** DESCRIPTION OF THE TASK **
Once you have located the line containing "当前位置: 首页 >江苏省南京市纹身店-狂人刺青纹身机构纹身图案>佛教相关纹身图片_手臂传统人物鬼神原创狂人刺青成品纹身图案" in the material below, return it exactly along with each line after it through the line containing "Apartamento no Ed.".

** RECORDS SUPPLIED **
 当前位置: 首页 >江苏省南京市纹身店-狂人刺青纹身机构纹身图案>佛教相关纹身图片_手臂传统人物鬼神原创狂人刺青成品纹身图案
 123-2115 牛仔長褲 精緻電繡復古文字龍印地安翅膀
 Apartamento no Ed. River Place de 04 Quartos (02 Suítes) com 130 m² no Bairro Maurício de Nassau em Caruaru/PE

--

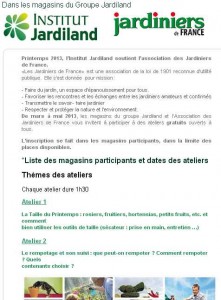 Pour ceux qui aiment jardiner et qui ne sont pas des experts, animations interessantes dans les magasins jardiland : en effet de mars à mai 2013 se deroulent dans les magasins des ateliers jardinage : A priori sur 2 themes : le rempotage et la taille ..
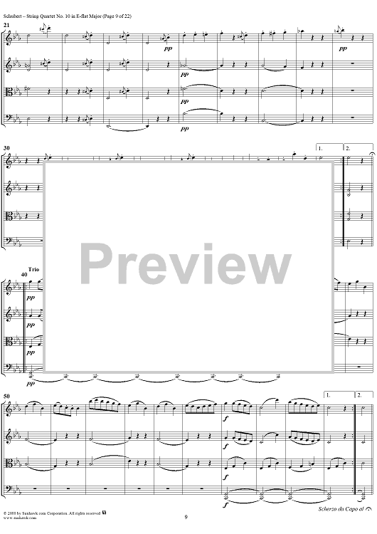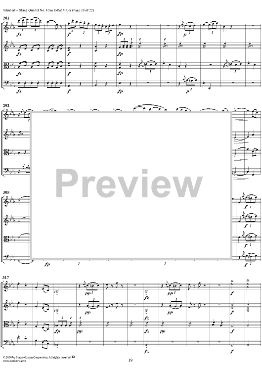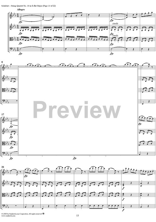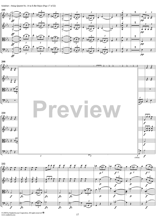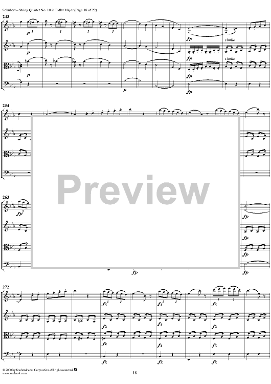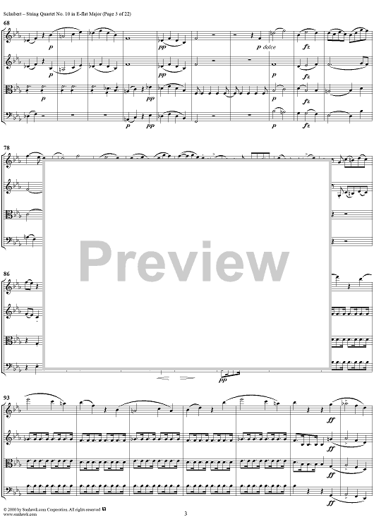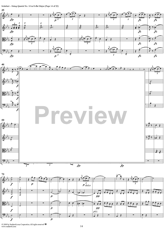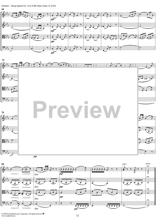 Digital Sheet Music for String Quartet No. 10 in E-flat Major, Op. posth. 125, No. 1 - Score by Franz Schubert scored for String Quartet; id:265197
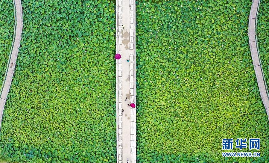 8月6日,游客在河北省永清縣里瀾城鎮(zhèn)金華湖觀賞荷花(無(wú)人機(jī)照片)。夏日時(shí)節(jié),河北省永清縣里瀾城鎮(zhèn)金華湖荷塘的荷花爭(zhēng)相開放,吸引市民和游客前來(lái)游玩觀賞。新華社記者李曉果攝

** SOLUTION TO THIS EXERCISE **
 当前位置: 首页 >江苏省南京市纹身店-狂人刺青纹身机构纹身图案>佛教相关纹身图片_手臂传统人物鬼神原创狂人刺青成品纹身图案
 123-2115 牛仔長褲 精緻電繡復古文字龍印地安翅膀
 Apartamento no Ed. River Place de 04 Quartos (02 Suítes) com 130 m² no Bairro Maurício de Nassau em Caruaru/PE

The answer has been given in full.